Sense of Place and Sense of Planet
Title | Sense of Place and Sense of Planet PDF eBook |
Author | Ursula K. Heise |
Publisher | Oxford University Press |
Pages | 261 |
Release | 2008-09-29 |
Genre | Literary Criticism |
ISBN | 0199887365 |
Sense of Place and Sense of Planet analyzes the relationship between the imagination of the global and the ethical commitment to the local in environmentalist thought and writing from the 1960s to the present. Part One critically examines the emphasis on local identities and communities in North American environmentalism by establishing conceptual connections between environmentalism and ecocriticism, on one hand, and theories of globalization, transnationalism and cosmopolitanism, on the other. It proposes the concept of "eco-cosmopolitanism" as a shorthand for envisioning these connections and the cultural and aesthetic forms into which they translate. Part Two focuses on conceptualizations of environmental danger and connects environmentalist and ecocritical thought with the interdisciplinary field of risk theory in the social sciences, arguing that environmental justice theory and ecocriticism stand to benefit from closer consideration of the theories of cosmopolitanism that have arisen in this field from the analysis of transnational communities at risk. Both parts of the book combine in-depth theoretical discussion with detailed analyses of novels, poems, films, computer software and installation artworks from the US and abroad that translate new connections between global, national and local forms of awareness into innovative aesthetic forms combining allegory, epic, and views of the planet as a whole with modernist and postmodernist strategies of fragmentation, montage, collage, and zooming.

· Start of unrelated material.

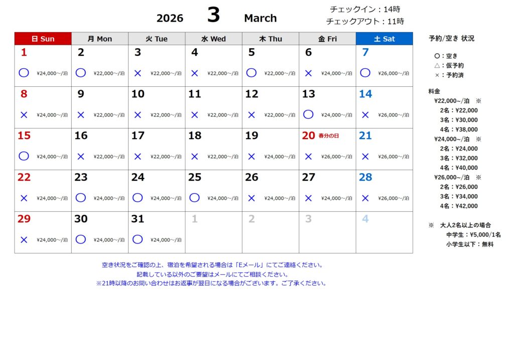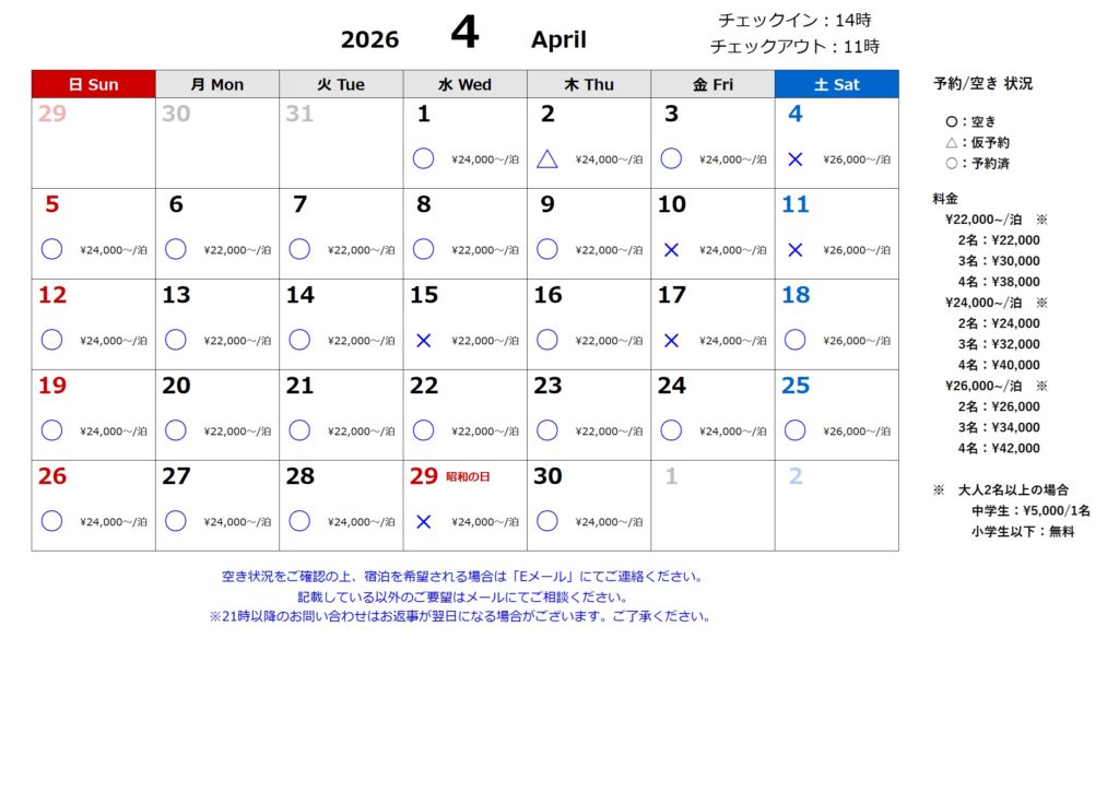① 空き状況と料金を確認して、Eメール:sh-cozy@ymail.ne.jp宛てに予約するための情報をお知らせください。

Locations of Knowledge in Medieval and Early Modern Europe
Title | Locations of Knowledge in Medieval and Early Modern Europe PDF eBook |
Author | Kocku von Stuckrad |
Publisher | BRILL |
Pages | 254 |
Release | 2010-03-08 |
Genre | History |
ISBN | 9004184236 |
One characteristic of European history of religion is a two-fold pluralism—a pluralism of religious identities on the one hand, and a pluralism of various societal systems that interact with religious systems on the other. Addressing discourses of perfect knowledge in Western culture between 1200 and 1800, this book integrates the study of Western esotericism in a larger analytical framework of European history of religion. Viewed from a structuralist perspective, ‘esoteric discourse’ provides an analytical framework that helps to reveal genealogies of modern identities in a pluralistic competition of knowledge. Experiential philosophy, kabbalah, astrology, Hermeticism, philology, and early modern science are linked to knowledge claims that shaped the way in which Western culture defined itself.